As we strive to find alternative energy resources, many potential solutions are on the table. Biomass energy is one such solution or is it?
Biomass energy is unique in that it has existed in primitive forms since the early days of mankind. Burning wood in a cave is a form of biomass energy, which is simply the conversion of an organic material in a manner that produces heat. For example, a fire converts the organic wood into heat. Therein, however, lays the problem.
Global warming is a much debated issue with everyone having a strong opinion and no one seemingly willing to listen to the other side. Whatever your view on this subject, what is clear is we are producing an absolute ton of carbon-based gases in our modern civilization. This is a key issue since the amount of carbon in the atmosphere is a key factor in climate regulation on our planet.

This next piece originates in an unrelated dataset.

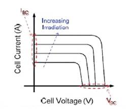 Typically, the shunt resistance (Rsh ) is very large and the series resistance (Rs ) is very small[5]. Therefore, it is common to neglect these resistances in order to simplify the solar cell model. The resultant ideal voltage-current characteristic of a photovoltaic cell is given by equation (17) and illustrated by Figure 10.[5].

To understand the problems of biomass as an energy form, one has to understand the biomass cycle that occurs on the planet. Simplified, the biomass cycle regulates the amount of carbon in our atmosphere. The biomass, primarily in the form of plants, uses carbon to grow and the biosphere effectively acts as a sponge for carbon. This sponge effect, however, has limits. As with a sponge in your kitchen, the biomass can only suck up so much carbon at one time. When there is too much carbon in the atmosphere or we shrink our “sponge” with deforestation and such, we run the risk of overwhelming the atmosphere with carbon gases. If our atmosphere has excessive carbon, heat is trapped and all hell begins to break loose. From a practical standpoint, this means our relatively mild climate on Earth will start becoming more chaotic. After the most recent hurricane season, that definitely is not a good thing.
Taking the biomass cycle into consideration, the negatives of all biomass energy production are that they create more carbon gases. A caveman sitting next to a fire in a cave is using biomass energy to produce heat, but the black smoke is a very nasty carbon pollutant. In modern terms, biomass energy doesn’t really resolve the amount of carbon we are putting into the atmosphere. Yet, there is an argument on the other side of the biomass coin.
Proponents of biomass argue it is a better energy source than fossil fuels. The basis of this argument is that plants [biomass] have taken in much smaller amounts of carbon gases over a shorter period of time than fossil fuels. Thus, burning them is a carbon neutral situation. The problem, of course, is that even if this concept is correct, we are not cutting down our carbon emissions. At this point in time, we need to be reducing carbon gasses, not maintaining our current output.
It is undisputable biomass has its problems. It is a better alternative than fossil fuels, but how much so?